The gap penalty is: for two sequence segments, if one of the skipped intervals or if several elements are repeated the same as the other, then a penalty is placed on this interval;

the comparison offset is as follows: the prediction module receives four groups of value pairs representing the difference of the internal sequence similarity of any batch of data calculated by the sequence model construction module, takes out the conventional behavior model from the storage module, calculates the distance between the two, obtains the offset of the batch of data expressed by percentage and the conventional behavior model by mapping the distance between 0 and 1 by using a tanh function, and selects the maximum value from the four offsets of one batch of data to compare with a set threshold value.

2. The system of claim 1, wherein the storage module has a database for storing the processed structured data.

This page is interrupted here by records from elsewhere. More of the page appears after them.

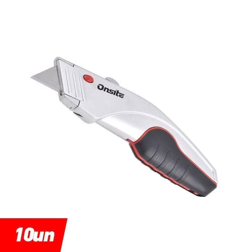 Estilete de Segurança Retrátil 165mm com 5 lâminas Conteúdo: 10x Estilete de Segurança 165mm com 5 Lâminas Onsite Corpo com base metálica e punho emborrachado. Indicado para cortar papel, papelão e outros materiais. A da lâmina é feita de forma manual pela parte traseira do estilete. Código: 711153 Marca: Onsite Tamanho: 165mm 6.1/2'' Ean: 6942629238874 Conteúdo: 10x Estilete de Segurança 165mm com 5 Lâminas Onsite Marca: Não Informado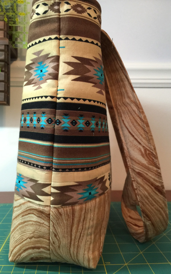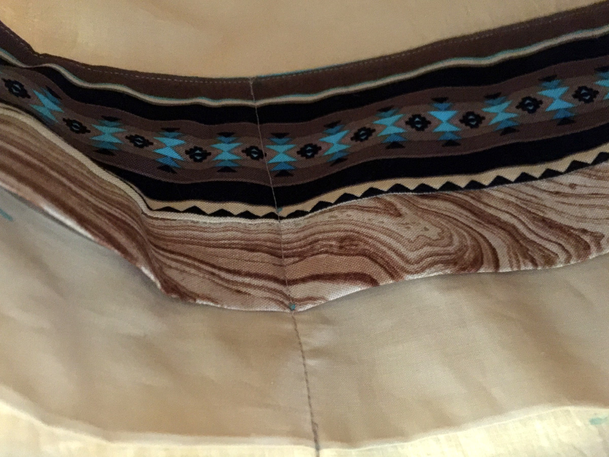 Southwest style purse tote, reminicient of the Colorado, Utah, Arizona landscape. Three coordinated high-quality prints on the outside. Inside lining is matching cream, with southwest prints as accents for the 12 pockets. Top closure is invisible magnet. Bottom is stabalized and has four metal feet.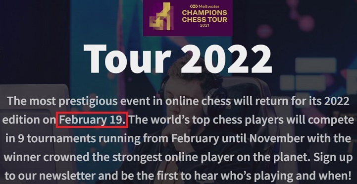 Jacob08: После успешных двух, третий сезон (девять турниров) начинается 19 февраля 2022. И дополнительно, чтобы успокоить параноиков), заключена договорённость о ещё четырёх годовых сезонах Meltwater Champions Chess Tour вплоть до 2026 года.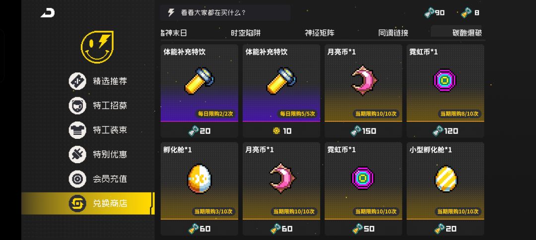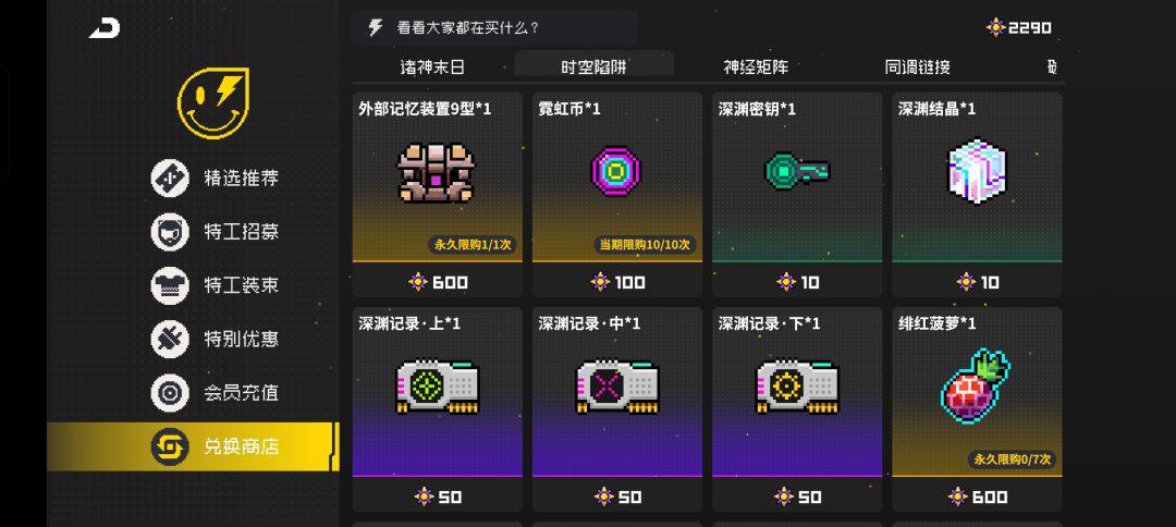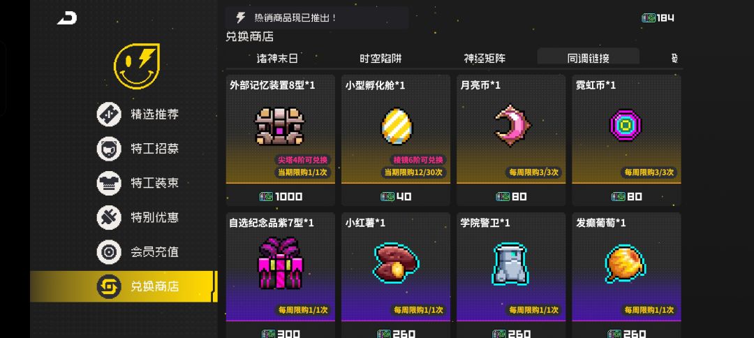 神经矩阵,推荐每日0点刷新4个随机纪念品,按需兑换。

3. The abnormal behavior detection method based on the system of claim 1 or 2, characterized in that a product quality data file is read through a data preprocessing module, analyzed to obtain a batch of product test original data, and the structured data obtained through data cleaning and segmentation processing is transmitted to a sequence model construction module and stored in a storage module; the sequence model construction module calculates the internal highest sequence similarity of the segmented data, represents sequence similarity difference of different segments by using a variation coefficient and relative extremely difference, finds out the largest cluster to represent conventional behavior through clustering, uses a cluster center as a conventional behavior model, and stores the conventional behavior model into the storage module and the prediction module; and the prediction module obtains the reliability of the batch of product data according to the deviation of the similarity difference between the conventional behavior model and the internal sequence of the data to be detected.